Lots of other issues there, but the point is, that it takes a lot to see through such breeding practices when you are new to choosing a breeder. The board having high standards helps educate people about not settling for less, and understanding just what ethical and responsible means.


----------



## martemchik

Castlemaid...you're very right!

It's really nice to have both...the forum and real life. Which is what a lot of people need. You see through the BS on the forum because of real life, and the forum helps you see some BS in real life.

Unfortunately...there are some people that don't get to experience the real life stuff and think that everything should be like the forum says.


----------



## Liesje

lalachka said:


> I have my list but this isn't about my preference.

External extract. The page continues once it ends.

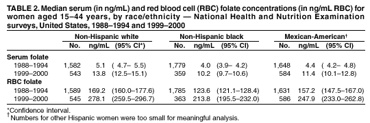 Persons using assistive technology might not be able to fully access information in this file. For assistance, please send e-mail to: mmwrq@cdc.gov. Type 508 Accommodation and the title of the report in the subject line of e-mail. Folate Status in Women of Childbearing Age, by Race/Ethnicity --- United States, 1999--2000In September 1992, the U.S. Public Health Service (PHS) recommended that women of childbearing age (i.e., aged 15--44 years) who are capable of becoming pregnant should consume 400 µg of the B-vitamin folic acid to reduce the number of cases of spina bifida and anencephaly (neural tube defects [NTDs]) (1). Since then, an ongoing national effort has encouraged women to consume dietary supplements containing folic acid (2). In 1998, the Food and Drug Administration (FDA) required the fortification of enriched cereal grain products with folic acid (3), and manufacturers have voluntarily added more folic acid to many ready-to-eat breakfast cereals (CDC, unpublished data, 2002). To assess temporal changes in serum and red blood cell (RBC) folate concentrations among childbearing-aged women, CDC compared folate concentrations for childbearing-aged women who participated during 1988--1994 and 1999--2000 in the National Health and Nutrition Examination Survey (NHANES). This report outlines the results of this comparison and describes serum and RBC folate levels by race/ethnicity. The results indicate that over the period studied, the median serum folate concentration for women aged 15--44 years increased approximately threefold, and the median RBC folate concentration increased approximately twofold. These findings indicate that the national health objective for 2010 to increase the median RBC folate level among women of childbearing age to 220 ng/mL RBC (objective 16.16b) has been met for Mexican-American* and non-Hispanic white women but not for non-Hispanic black women. To reduce the number of pregnancies affected by NTDs further, all women of childbearing age capable of becoming pregnant should consume the PHS-recommended level of folic acid daily (1). Both NHANES 1988--1994 and NHANES 1999--2000 used a stratified, multistage probability sample of the civilian, U.S. noninstitutionalized population. NHANES 1988--1994 included persons aged >2 months, and NHANES 1999--2000 included persons of all ages. A household interview and a physical examination were conducted for each survey participant. During the physical examination, blood was collected by venipuncture for all persons aged >1 year. Serum and RBC folate were measured in CDC's NHANES Central Laboratory for both NHANES 1988--1994 and NHANES 1999--2000 by using the Bio-Rad Quantaphase II simultaneous folate/vitamin B12 radioassay (Bio-Rad Laboratories, Hercules, California) (4). Long-term quality-control data for these assays, including overlapping control materials that were used in both surveys, indicated no analytical drift; results of all external proficiency testing challenges were graded as satisfactory. From NHANES 1988--1994 to NHANES 1999--2000, median serum folate concentrations for women aged 15--44 years increased from 4.8 to 13.0 ng/mL. The 10th percentile increased from 2.3 to 6.4 ng/mL, and the 75th percentile increased from 7.8 to 18.1 ng/mL (Table 1). Serum folate concentrations increased for each of the three racial/ethnic populations for which estimates could be made (Table 2); in NHANES 1999--2000, the median serum folate concentration was highest for non-Hispanic whites (13.8 ng/mL) and lowest for non-Hispanic blacks (10.2 ng/mL). Similar results were obtained for RBC folate, a better measure of long-term folate status. Median RBC folate concentrations for women aged 15--44 years increased from 159.9 to 263.6 ng/mL RBC (Table 1). RBC folate concentrations increased for all racial/ethnic groups studied (Table 2). In NHANES 1999--2000, the highest RBC folate concentrations occurred among non-Hispanic white women (median: 278.1 ng/mL RBC) and were lowest among non-Hispanic black women (median: 213.8 ng/mL RBC). Reported by: JD Erickson, DDS, J Mulinare, MD, Q Yang, PhD, National Center on Birth Defects and Developmental Disabilities; CL Johnson, MSPH, National Center for Health Statistics; C Pfeiffer, PhD, EW Gunter, National Center for Environmental Health; WH Giles, MD, BA Bowman, PhD, National Center for Chronic Disease and Health Promotion, CDC. Editorial Note:Results from NHANES 1999--2000, which was conducted after implementation of food fortification and educational efforts to increase folate consumption, indicate that these public health actions have been effective in increasing folate status among U.S. women of childbearing age. The findings are consistent with reports of improved folate status in selected subsets of the U.S. population (5,6) and the results from the 1999 sample of NHANES 1999--2000 (7). In 1999, the median serum folate concentration was 14.5 ng/mL, and the median RBC folate concentration was 293 ng/mL RBC, somewhat higher than the 1999--2000 results. Both serum and RBC folate concentrations for the 2000 sample of NHANES 1999--2000 were lower than the 1999 sample. Annual variations in estimates from NHANES can be expected because of the size of the yearly sample and the nature of the sampling design, and these differences might be explained by sampling variability. Other possible explanations include reduced consumption of foods and supplements containing folic acid, a decrease in the folic acid content of fortified foods (8), or undetected variations in laboratory technique. Because of the high level of long-term assay quality-control, changes in laboratory technique probably do not account for the lower folate concentrations in 2000. Another line of evidence suggesting that variations in laboratory technique are not likely to explain the lower folate concentrations in 2000 is that vitamin B12 concentrations in women of childbearing age did not change from NHANES 1988--1994 to N
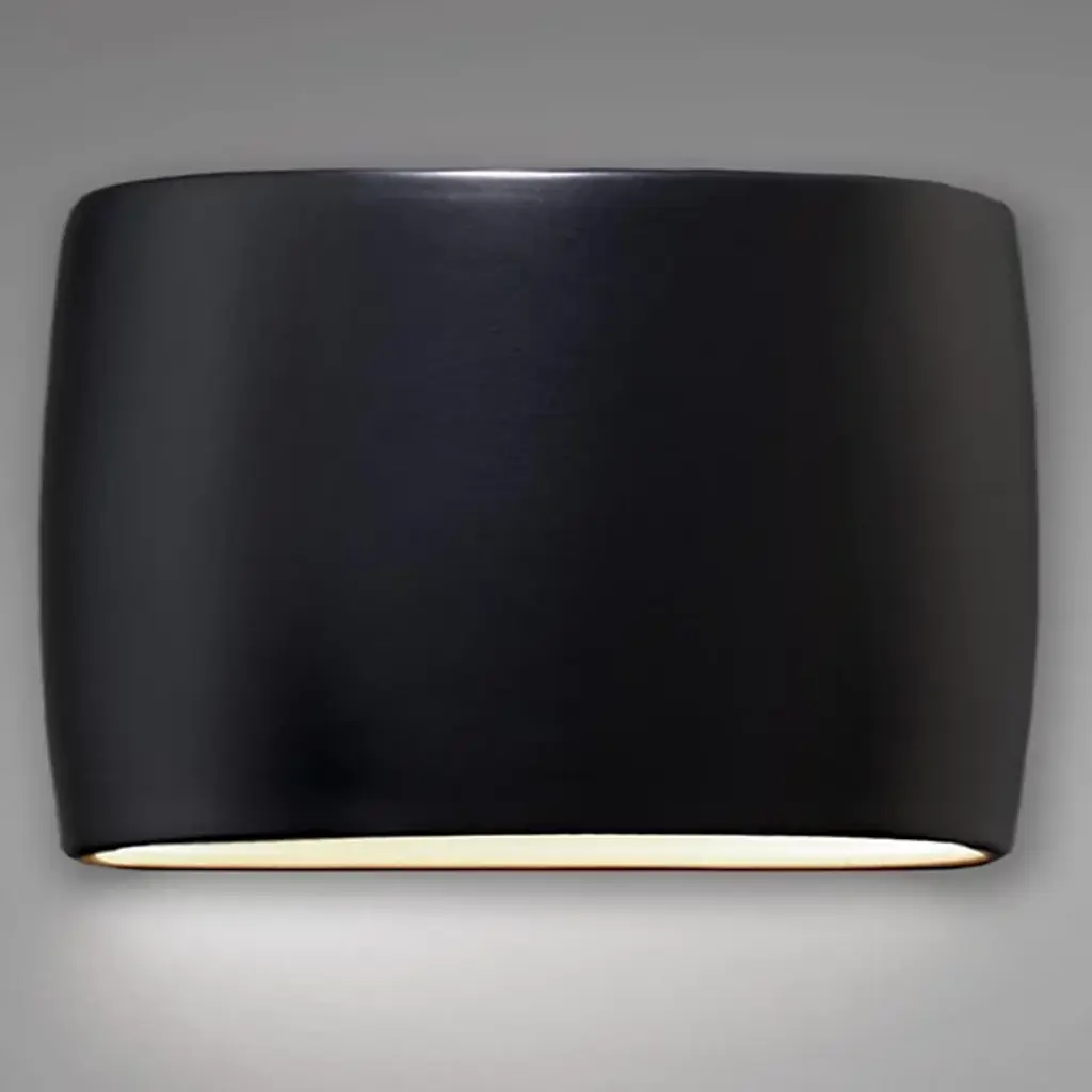Sleek, modern style meets enduring craftsmanship. Justice Design’s Ambiance Wide ADA Oval Wall Sconce - Closed Top is carefully sculpted of durable Ceramic to which artisans apply multiple layers of paint and special finishing techniques. Dimmable, LED light is sent downward, through the oval bottom, to cast even, direct light to its surroundings. This simplistic wall light infuses a space with understated, modern sensibility. Each piece is individually crafted in the USA, creating a one-of-kind design with unique variations.

I'm wondering about breeders being objective to their own dogs. you said (along with others) that it's about the journey, not the title itself because you learn about the dog.
> 
> you can only use that knowledge if you're willing to make tough choices. otherwise I can see people make excuses about their dogs' flaws.
> 
> I think that's tough to do (or no?) and because of that I'm questioning whether people actually do it.


Some do, some don't. Some make a choice that makes sense to them but not other people and vice versa.

I have a 10 month old male right now I've already decided is not breeding material. I have my own standards so it's not really tough for me to decide. It's not a disappointment either because I don't own dogs simply for producing more dogs, I own them as my companions and partners in sport or protection venues. My young dog is my next competition dog, but IMO he is not breedworthy.


----------



## Merciel

lalachka said:


> I meant knowledgeable people. I can imagine they can't come to agreements pretty often


I really don't think there's as much disagreement as you might be imagining.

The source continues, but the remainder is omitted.